The early Christians changed their behavior radically during Lent.  For the duration of the season most strictly fasted, taking no food between sunrise and sunset.  And when they broke their fasts, they adhered to a strictly vegan diet, abstaining from all meat, eggs and dairy products.

It is fair to conclude that those early Christians would not recognize their Lenten disciplines in the way most of us tend to observe the season these days.

It is easy to see that John Wesley would be unimpressed with our seemingly trivial Lenten abstinences as well.

Wesley was, of course, a firm believer in the practice of fasting. Throughout his ministry he championed the discipline, often complaining that Christians practiced it too infrequently. “A man that never fasts,” Wesley declared, “is no more in the way to heaven than the man that never prays.”

As one of the reasons for fasting, Wesley identified something that seems particularly relevant in our culture.

“Another reason or ground of fasting is this: many of those who now fear God are deeply sensible how often they have sinned against him by the abuse of these lawful things. They know how much they have sinned by excess of food; how long they have transgressed the holy law of God, with regard to temperance, if not sobriety to; how they have indulged their sensual appetites, perhaps to the impairing of even their bodily health – certainly to the no small hurt of their soul.” (emphasis added)

This, noted Wesley, is “a perpetual reason for fasting.” Those who have chosen to fast for this reason, he said, “keep at a distance from all excess. … They often wholly refrain; always taking care to be sparing and temperate in all things.” By choosing to fast in this way, “Every wise man…will wean (his soul) more and more from all those indulgences of the inferior appetites, which naturally tend to chain it down to earth, and to pollute as well as debase it.”

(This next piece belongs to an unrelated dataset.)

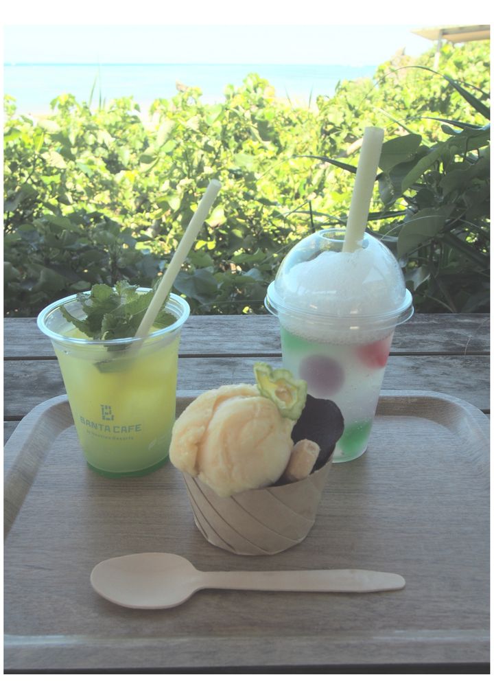 それもそのはず、目の前に広がる海をひとり占めしているかのような開放的な眺めが魅力。沖縄らしいマンゴーやシークヮーサーなどのフルーツジュースをはじめ、黒糖や紅芋のジェラート、ポークたまごおにぎりまで幅広く楽しめる。琉球畳をモチーフにした席もあり、心地よくリラックスできる空間だ。

Rather than merely taking a temporary respite from some minor personal pleasure, perhaps we should see this Lenten season as an opportunity to commence a “perpetual fast” from “inferior appetites,” such as food that we know to be destructive of our health. At a minimum, might we not be able to identify one or two things that we know to be harmful to our health, and in the spirit of the solemnity of Lent begin the process of removing them from our lives altogether?